The government was very proud of how tough it was being on business owners by naming and shaming those who failed to pay employees the minimum wage. They eagerly announced these tough new rules that saw 25 employers (although crucially not large firms under investigation before the changes in October) named, including the amount of compensation owed to workers. Of course they were right to order the payment of minimum wage, to do otherwise is to break the law. What they have conveniently continued to ignore however is the legal proviso allowing employers to consequently abuse this law through zero hours contracts.
According to the National Office of Statistics 'employers held 1.4million contracts with workers that did not guarantee a minimum number of hours'. From a company's perspective this allows them a flexible labour pool with no obligations to their workers, and given the current demand for jobs, there will be those eager to take a job offer based on such obligations. This flexible system is weighted heavily in favour of the employers, and until this week approximately 125,000 individuals were in situations where they were legally unable to look for supplementary income under such a contract, something which Vince Cable recently announced has been outlawed.
However, this success is meagre. From a companies perspective, the ability to pick and choose your labour based on demand is a huge plus in keeping human capital costs low. Those in high offices, on a comfortable salary and pension, carefully assigned to deliver judgement on economic figures claim that these contracts are essential for keeping unemployment down.
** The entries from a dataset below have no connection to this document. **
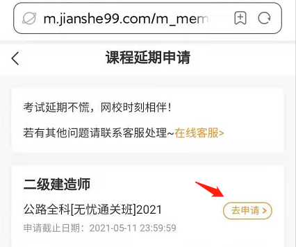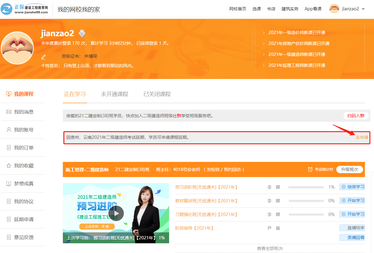 之前已經(jīng)報名網(wǎng)校2021年二級建造師考試課程的貴州、云南地區(qū)二建學(xué)員,可以申請課程延期了,入口在“我的網(wǎng)校我的家”,請大家及時申請,不要錯過。
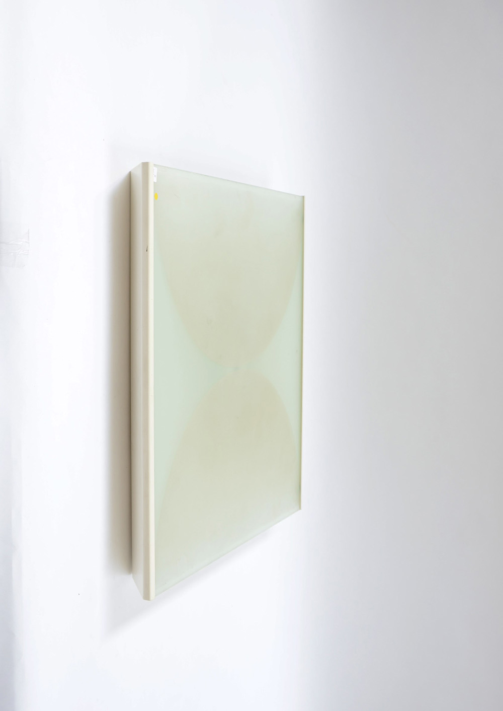Bobo Piccoli (Milano 1927-Milano 1981)Lampada da parete modello "Clessidra". Produzione Fontana Arte, Milano, anni 70. Struttura in metallo verniciato e diffusore in vetro lattimo e smerigliato (cm 50x50x7) (difetti)
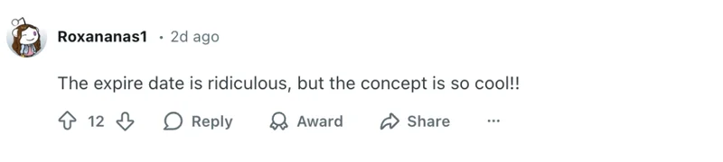 或许正如一位网友所说:“概念是挺酷的,但过期时间真的太离谱了。”
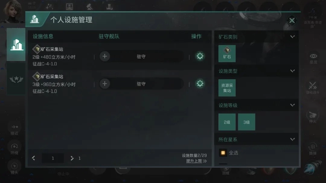 太空设施分为个人设施、先遣团设施和远征军设施,不同类型的太空设施的战斗难度和作用范围不同。个人设施是飞行员获得资源产出最主要的方式,先遣团设施将会提供各种加成,包括提升资源产出,战斗能力,视野范围等。
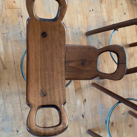 Barstol med rund sæde og ryglæn betrukket med brun læder. Stolen har siddehøjde på 82cm og en fodstøtte i metal. Stellet er sort metal med pedaler som en del af designet. Velegnet til brug ved bar- eller køkkenbord.
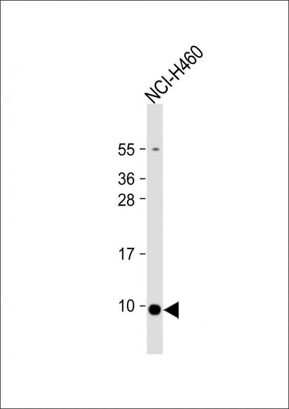 Anti-CCL17 Antibody (C-term) at 1:1000 dilution + NCI-H460 whole cell lysate Lysates/proteins at 20 μg per lane. Secondary Goat Anti-Rabbit IgG, (H+L), Peroxidase conjugated at 1/10000 dilution. Predicted band size : 11 kDa Blocking/Dilution buffer: 5% NFDM/TBST. |
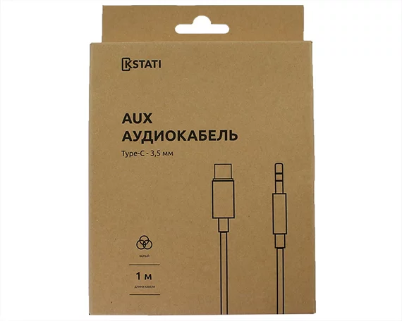 Аудиокабель Kstati USB-C - AUX 3.5мм, 1м белый Аудиокабель Kstati USB-C - AUX 3.5мм, 1м белый
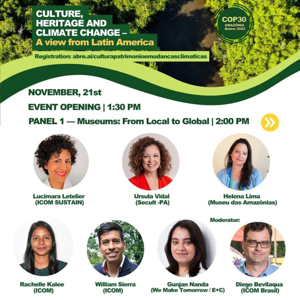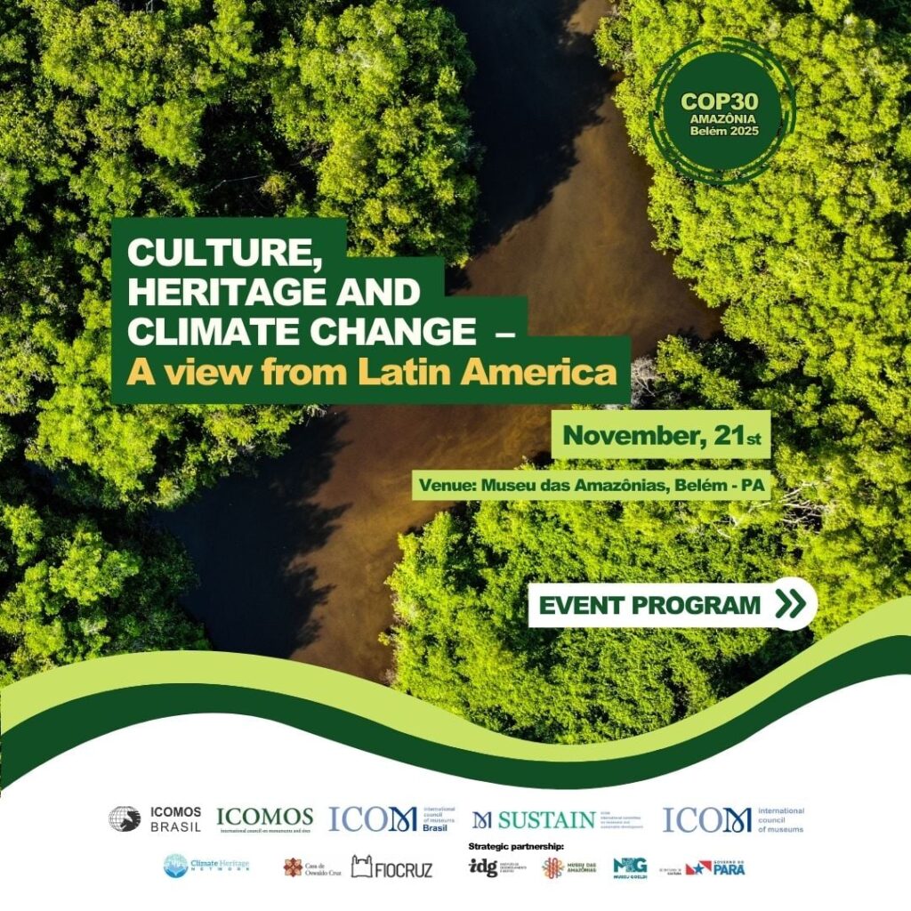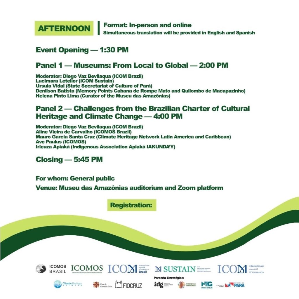 👉🏽 This event is organized by ICOM, ICOM Brazil, ICOM SUSTAIN, ICOMOS, ICOMOS Brazil, the Climate Heritage Network, and Casa de Oswaldo Cruz (COC/Fiocruz), in partnership with the Museu das Amazônias – State Secretariat of Culture of Pará (Secult-PA) / IDG and the Museu Paraense Emílio Goeldi.
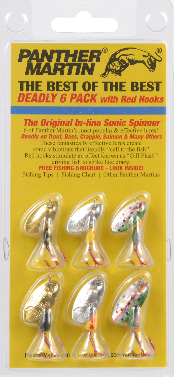 Great for freshwater trout fishing, Panther Martin Best of the Best Lures 6-Pack offer a selection of lure colors and sizes and feature treble hooks. 1" long.
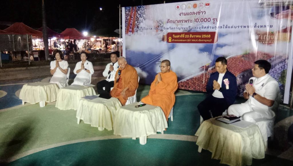 วันที่ 29 พฤศจิกายน 2568 ที่ลานกิจกรรม Sky Walk โซนปลายสักทอง จังหวัดกาญจนบุรี ได้มีการจัดงานแถลงข่าวเตรียมความพร้อมพิธีตักบาตรพระ 10,000 รูป ซึ่งจัดขึ้นเนื่องในโอกาสทำบุญเมืองครบรอบ 194 ปีจังหวัดกาญจนบุรี และเพื่ออุทิศถวายเป็นพระราชกุศลแด่สมเด็จพระนางเจ้าสิริกิติ์พระบรมราชินีนาถพระบรมราชชนนีพันปีหลวง

For the government it also looks great, 1.4million individuals in work who need not visit their workplace unless demanded at the employers beck and call. The only loser in this situation is the poor employee, awaiting a call each day as to whether they get a chance to work.
The contracts are advertised by Cable as providing work for pensioners, supplementing their income (highlighting a pensions crisis that is desperately under discussed), and for students. Yet for those who've finished school or been made redundant, they can be the sole source of income to someone working through debt, paying rent and trying to provide for a child or family. It is here that we see Michael Sandel's prediction concerning our current state of affairs hit home hardest,
'market values have come to govern our lives as never before.'
The onus in the debate on these contracts, at least in the echelons of government seems to be to help people, so long as those companies and corporations don't have issue with it. We seem so swept up in the joys of this year's economic growth that people, both individual and in general, have been forgotten. Market forces do not care about individuals, the role of the firm, particularly one involving large amounts of unskilled labour is concerned exclusively with profit. People are an unhappy consequence of such an economic system, to weigh employment opportunities and rights in their favour snip into that holy profit margin.
It is with this in mind, particularly the uncertainty concerning potential pay that plagues these contracts that I offer a solution. Outlaw zero hours contracts and instead ensure that any individual entering a work contract is given a legal guarantee of the number of the minimum number of hours they should be required to work. It might increase the costs for corporations and may in the short term lead to a rise in unemployment, but if the economy is growing as fabulously as George Osborne announces, then the number of jobs should increase to combat this problem. We might even be able to be paid everyone the living wage too! The invisible hand of the market that these companies all trust will sort it out. Just make sure it isn't allowed to squeeze us dry.